Figure 8: Verification result of ANN model for 316 months (1970–1995).

The storage volume series of a reservoir system is estimated using the ANN model after setting case (A), case (b), and case (c) as the input data. And then the correlation dimension analysis is performed for the estimated storage volume in each case. The results show that 2.55 in case (A) integrated the low-dimensional cases (a), 2.81 in case (B) integrated the middle-dimensional cases (b), and 2.89 in case (C) integrated the high-dimensional cases (c) as shown in Figure 9.

Figure 9: Correlation dimension results in each case (A), (B), and (C).
4.5. Summary and Discussions

In this study, we posed the two hypotheses to identify chaotic behavior in hydro-meteorological processes. For solving this issue, we composed the input data sets like cases (A), (B), and (C) and applied them to ANN model on the reservoir system of the Great Salt Lake. The criterion of the hypotheses is the sensitivity of chaotic behavior in the system. In other words, the first hypothesis is reasonable if chaotic behavior in the system is sensitive depending on chaotic characteristics of the input data; otherwise, the second hypothesis is reasonable. The results of the correlation dimension analysis on every case analyzed in this study were summarized in Table 3.

Table 3: Summary of correlation dimension in each case and time series.

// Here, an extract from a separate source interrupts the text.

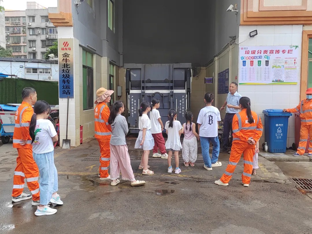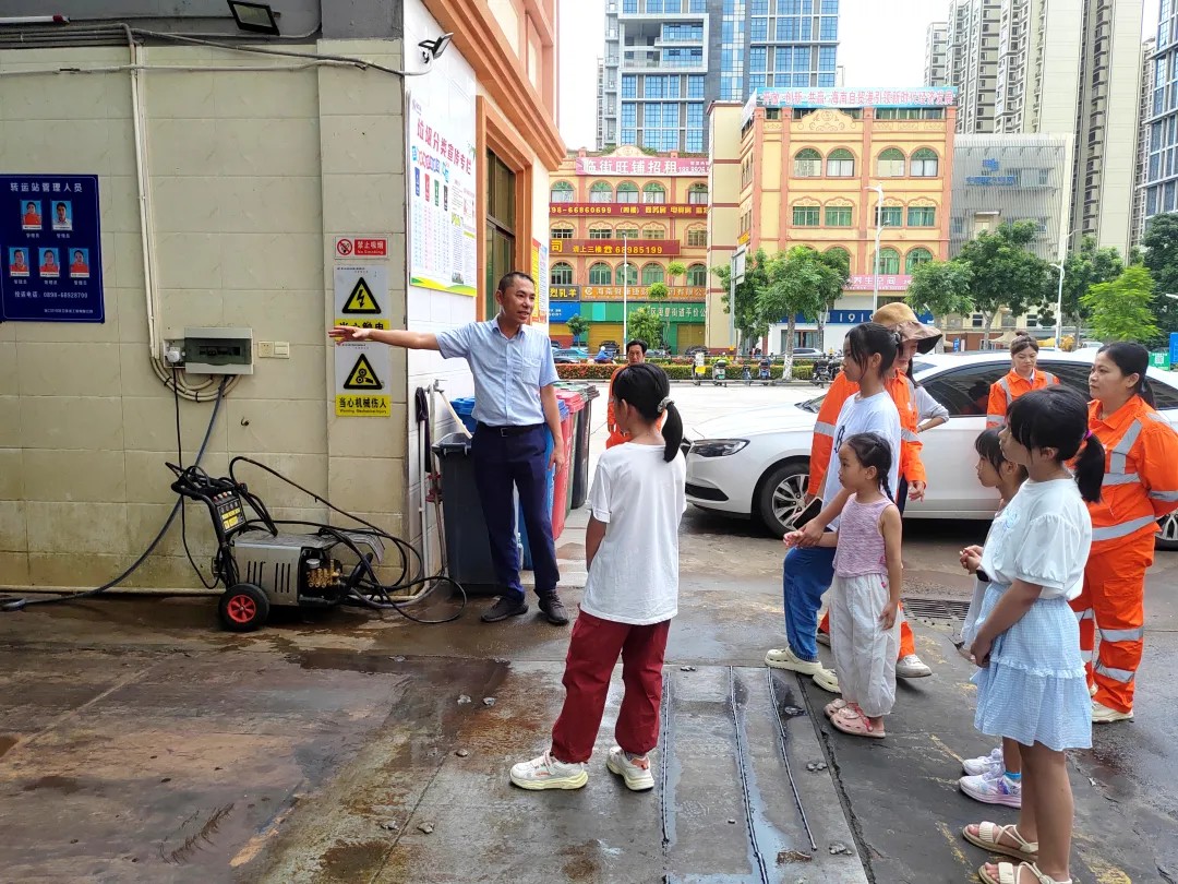 在安康安全專題教學環節,孩子們參觀了轉運站、公廁等作業場景,直觀了解到環衛作業全流程,涵蓋道路清掃、垃圾收集、運輸、處理等環節。公司安全委員會辦公室主任韓嵩重點講解了父母日常工作中使用的清掃車、灑水車、垃圾轉運車等工具和車輛,加深了孩子們對父母工作內容的認知。同時,結合環衛工作特點,工作人員普及了父母作業時可能遇到的安全風險及防護措施,還講解了日常生活中的交通安全、消防安全、用電安全等知識,進一步提升了孩子們的安全意識。

As shown in Table 3, the correlation dimensions are 2.55 in case (A) obtained from integrating the low dimensions (precipitation 2.54, air temperature 1.02, and discharge 2.48) and 2.81 in case (B) from integrating the middle dimensions (precipitation 3.26, air temperature 1.84, and discharge 3.31) and 2.89 in case (C) from integrating the highest dimensions (precipitation 4.05, air temperature 2.52, and discharge 3.80). The input data did not impact significantly on chaotic characteristics of the storage volume as the output even though there was a little difference of the dimension 0.34 between case (A) and case (B). Therefore the chaotic characteristic of the storage volume output in the Great Salt Lake is most likely a byproduct of the chaotic behavior of the reservoir system itself rather than that of the input data. However this chaotic behavior will depend on each hydro-meteorological system. For example, small hydro-meteorological systems will be very sensitive and the chaotic characteristic will be also sensitive depending on the input data.

5. Conclusions

This study tried to identify and evaluate chaotic behavior in hydro-meteorological processes. For solving the issue suggested in this study, the two hypotheses were posed. First, assume that the input data is the significant factor to provide chaotic characteristics to output data. Second, assume that the system itself is the significant factor to provide chaotic characteristics to output data. The hydro-meteorological time series such as precipitation, air temperature, discharge, and storage volume were collected in the Great Salt Lake and Bear River Basin and the time series in the period of approximately one year were extracted from the original time series using the wavelet transform. The results of the correlation dimension analysis showed precipitation 3.92, air temperature 1.41, discharge 3.02, and storage volume 2.65 in each time series. The input data sets by the summation of sine functions were composed and applied them to the artificial neural networks for modeling the reservoir system depending on the data sets and integrated the high, middle, and low dimensions. Finally the correlation dimension was analyzed to evaluate chaotic behavior of storage volume which is the final output with inputs of precipitation, air temperature, and discharge in the hydro-meteorological system. The results showed that the chaotic characteristic of the storage volume is most likely a byproduct of the chaotic behavior of the reservoir system itself rather than that of the input data. We expect that the methodology and procedure suggested in this study will provide a clue to understand chaotic behavior in hydro-meteorological processes.

Conflict of Interests

The authors declare that there is no conflict of interests regarding the publication of this paper.

Acknowledgments

This work was supported by the National Research Foundation of Korea (NRF) and grant funded by the Korean Government (MEST; no. 2011-0028564). Also, this work was supported by INHA UNIVERSITY Research Grant.